Everything from the line containing "Grafitceruza radírral, HB, háromszögletű, KORES" through the line containing "庫存管理 存貨不足,系統自動通知。庫存最佳化,降低缺貨風險。 功能" in the listing below should be copied exactly, and nothing more.
══ GIVEN INFORMATION ══
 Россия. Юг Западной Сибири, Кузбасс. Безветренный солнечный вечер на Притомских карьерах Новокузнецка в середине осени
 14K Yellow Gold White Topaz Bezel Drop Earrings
═══
══ GIVEN INFORMATION ══
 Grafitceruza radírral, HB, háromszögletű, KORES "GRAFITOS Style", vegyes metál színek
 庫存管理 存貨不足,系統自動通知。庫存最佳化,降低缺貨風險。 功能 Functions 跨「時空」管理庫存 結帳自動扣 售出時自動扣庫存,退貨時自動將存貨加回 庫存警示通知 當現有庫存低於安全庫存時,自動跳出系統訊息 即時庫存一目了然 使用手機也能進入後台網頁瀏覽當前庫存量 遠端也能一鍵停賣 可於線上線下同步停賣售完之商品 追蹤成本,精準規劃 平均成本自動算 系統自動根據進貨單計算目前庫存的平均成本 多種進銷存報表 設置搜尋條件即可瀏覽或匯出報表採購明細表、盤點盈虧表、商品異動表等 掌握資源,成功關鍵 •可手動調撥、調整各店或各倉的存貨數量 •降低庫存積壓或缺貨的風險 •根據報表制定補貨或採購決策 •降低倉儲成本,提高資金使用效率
═══
• **OUTPUT BELOW**
 Grafitceruza radírral, HB, háromszögletű, KORES "GRAFITOS Style", vegyes metál színek
 庫存管理 存貨不足,系統自動通知。庫存最佳化,降低缺貨風險。 功能 Functions 跨「時空」管理庫存 結帳自動扣 售出時自動扣庫存,退貨時自動將存貨加回 庫存警示通知 當現有庫存低於安全庫存時,自動跳出系統訊息 即時庫存一目了然 使用手機也能進入後台網頁瀏覽當前庫存量 遠端也能一鍵停賣 可於線上線下同步停賣售完之商品 追蹤成本,精準規劃 平均成本自動算 系統自動根據進貨單計算目前庫存的平均成本 多種進銷存報表 設置搜尋條件即可瀏覽或匯出報表採購明細表、盤點盈虧表、商品異動表等 掌握資源,成功關鍵 •可手動調撥、調整各店或各倉的存貨數量 •降低庫存積壓或缺貨的風險 •根據報表制定補貨或採購決策 •降低倉儲成本,提高資金使用效率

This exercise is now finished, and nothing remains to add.